Граф приблизился к нему, оглянулся по сторонам, чтоб убедиться, что рабочие у ямы с известкой не могут их услышать, и проговорил, понижая голос:

— Супругу господина О-ва взял под свое покровительство патер Грубер.

— Несчастная! Но почему же муж ее не предъявит своих прав? Ведь ей нет еще семнадцати лет.

— Господину О-ву обещано место, о котором он уже давно хлопочет, — с усмешкой подмигивая, ответил граф. — И к тому же у него процесс с братом…

— Это ужасно!

— Много ужасного делается в наше время, князь. Вы, может быть, подумаете, что не мне это говорить, — продолжал граф с хитрой усмешкой, — ведь этому времени я обязан всем своим благосостоянием, но это не мешает мне сознавать его заблуждения и ошибки.

— На меня он производит впечатление человека больного, — сдержанно заметил Лабинин.

— Но разве от этого легче тем, на ком отзывается его болезнь? — с живостью подхватил граф, точно обрадовавшись случаю высказаться. — Ведь каждый день…

Ему не дали договорить.

— А как вы думаете, ваше сиятельство, будет дворец готов к восьмому ноября? — спросил князь.

Царский фаворит понял намек; его синеватые щеки дрогнули от злобы, но он только опустил глаза, чтобы скрыть загоревшийся в них блеск, и развязно ответил, что освящение назначено на восьмое ноября.

— Государь этого желает, — прибавил он отрывисто и, меняя тон, любезно спросил: — Пойдет ли князь на стройку?

— Нет, я пачкаться в известке не люблю, — с усмешкой ответил князь.

— Счастливы вы, ваше сиятельство, что можете так привередничать, — возразил со вздохом граф.

— Да, я на судьбу свою и не жалуюсь, — возразил Лабинин.

Подвохи старой лисицы он давно угадал и не сомневался в том, что каждое его слово будет передано царю с самыми опасными для него комментариями и прикрасами, но тем не менее ему было так приятно кольнуть лицемера, что он поддался искушению доставить себе это удовольствие.

«Еще новый враг», — подумал он, глядя вслед удалявшемуся могущественному выскочке, перед которым трепетали люди постарше, поопытнее и поважнее молодого князя Лабинина.

Но эти люди искали не того, что он искал в жизни.

Постояв с минуту в раздумье, князь обвел рассеянным взглядом рабочих, копошившихся у ямы с известкой, а затем с прежним скучающим видом стал смотреть на чудовищную каменную громаду, насквозь пронизанную лучами восходящего солнца. Проникая в нее через отверстия, оставленные для окон и дверей, эти лучи мимоходом золотили людей, лазивших по лесам, окружавшим все здание гигантской клеткой.

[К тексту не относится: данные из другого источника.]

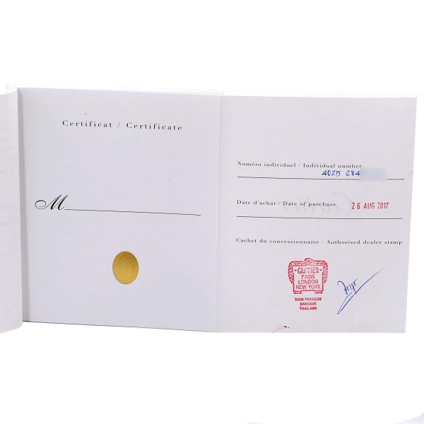 | Bezel: | 18k rose gold polished bezel with original Cartier factory diamonds, secured with 8 pins. |

Но и это зрелище недолго занимало князя; он пошел к забору, временно заменявшему решетку, которая должна была тут со временем красоваться, вскочил на большой камень и, чтобы убить время, стал смотреть на площадь с прилегающими к ней улицами.

Город проснулся. По всем направлениям разъезжали водовозы со своими бочками; ворота и калитки растворялись, пропуская поваров и кухарок с корзинами в руках и в сопровождении казачков или девчонок, направлявшихся к рынкам. Кое-где распахивались и окна.

Из знакомого дома, против того места, где стоял князь, вышла известная красавица, супруга одного из любимцев покойной императрицы, с лакеем в ливрее и в таком прелестном утреннем наряде, что князь не мог не вспомнить ходившие по городу сплетни относительно нее. Она повернула к Летнему саду, без сомнения, на рандеву с бароном С. Последний волочился за ней всю зиму, и злые языки утверждали, что не безуспешно. Князь подумал, что злые языки правы, и поспешил спрятаться за забор. Когда красавица спокойно прошла мимо него дальше, он снова занял свой обсервационный пункт, как раз в ту самую минуту, когда из другого дома, на углу Садовой, вышел молодой человек, который тоже остановил на себе его внимание.

«Не отправляется ли и этот на любовное свидание?» — подумал князь.

Молодой человек был одет франтом, в заломленной набекрень треуголке и в длинном плаще на бархатной подкладке, накинутом на плечи так небрежно, что можно было разглядеть и вишневого цвета фрак с бронзовыми пуговицами, и светлые кюлоты, и камзол верпом, из кармана которого вывешивались двое часов на цепочках с брелоками, и открытые башмаки с золотыми пряжками на шелковых чулках. К довершению дерзости даже и волосы этого молодого человека не были зачесаны по форме — назад, а спускались крупными напудренными кудрями на лоб, по французской моде.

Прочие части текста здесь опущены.